Retiens surtout ceci : ce financement existe précisément parce que la majorité des petites structures françaises n’ont pas les moyens de payer un audit complet de leur propre poche. C’est ce qui rend la démarche accessible, même pour une entreprise de quelques salariés.
Le coût moyen d’une cyberattaque pour une TPE-PME
Commençons par le chiffre qui fait mal. Selon les données publiques recoupées après une étude Groupama de juillet 2025, le coût moyen d’une cyberattaque pour une TPE ou une PME française atteint 466 000 euros. Ce montant varie fortement : d’autres estimations situent la fourchette entre 59 000 et 466 000 euros, selon la taille de l’entreprise, le type d’attaque et surtout la durée d’interruption de l’activité.
Ce chiffre agrège plusieurs postes : la perte de chiffre d’affaires pendant l’arrêt des systèmes, le coût de remédiation technique, les éventuelles rançons, et parfois les sanctions liées à une fuite de données personnelles. Pour un indépendant ou une petite structure, une telle addition peut tout simplement signifier la fermeture. C’est précisément ce qui rend le financement d’une aide Bpifrance cybersécurité TPE PME aussi stratégique : mieux vaut dépenser quelques milliers d’euros en prévention que risquer une facture à six chiffres après coup.
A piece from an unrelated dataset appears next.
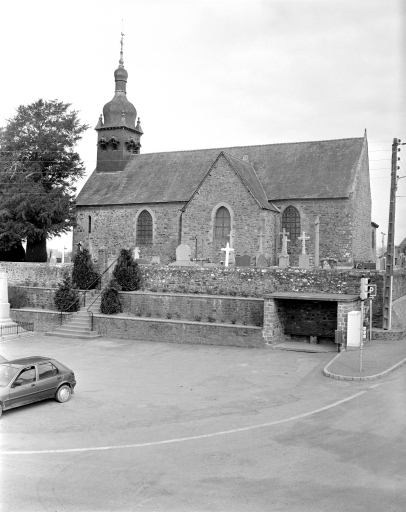 Eglise construite sur un promontoire. A conservée son enclos paroissial et son cimetière. Nef à un seul vaisseau. Plan en croix latine. Fausse voûte en berceau. Clocher en façade, clocher à bulbes. Chevet plat. Armoiries des seigneurs de Francheville portées sur la façade Ouest et plusieurs fois en façade sud. Gros oeuvre en moellons de granite. Deux assises en pierre de taille forment une bande décorative au sommet des façades.

Prends l’exemple d’un artisan qui perd l’accès à son logiciel de caisse pendant une semaine : les commandes s’accumulent et la trésorerie encaisse le choc en silence.
Ce que révèle vraiment le rapport ANSSI 2026 sur les PME françaises
Le dernier panorama de l’ANSSI, largement commenté dans la presse spécialisée, dresse un constat sans ambiguïté : 1 366 incidents de sécurité ont été traités sur la dernière période de référence, et 48 % des victimes de rançongiciels identifiées sont des TPE, PME ou ETI. Le tissu économique français, composé à plus de 99 % de petites structures, est devenu la cible principale des attaques, loin devant les grands groupes.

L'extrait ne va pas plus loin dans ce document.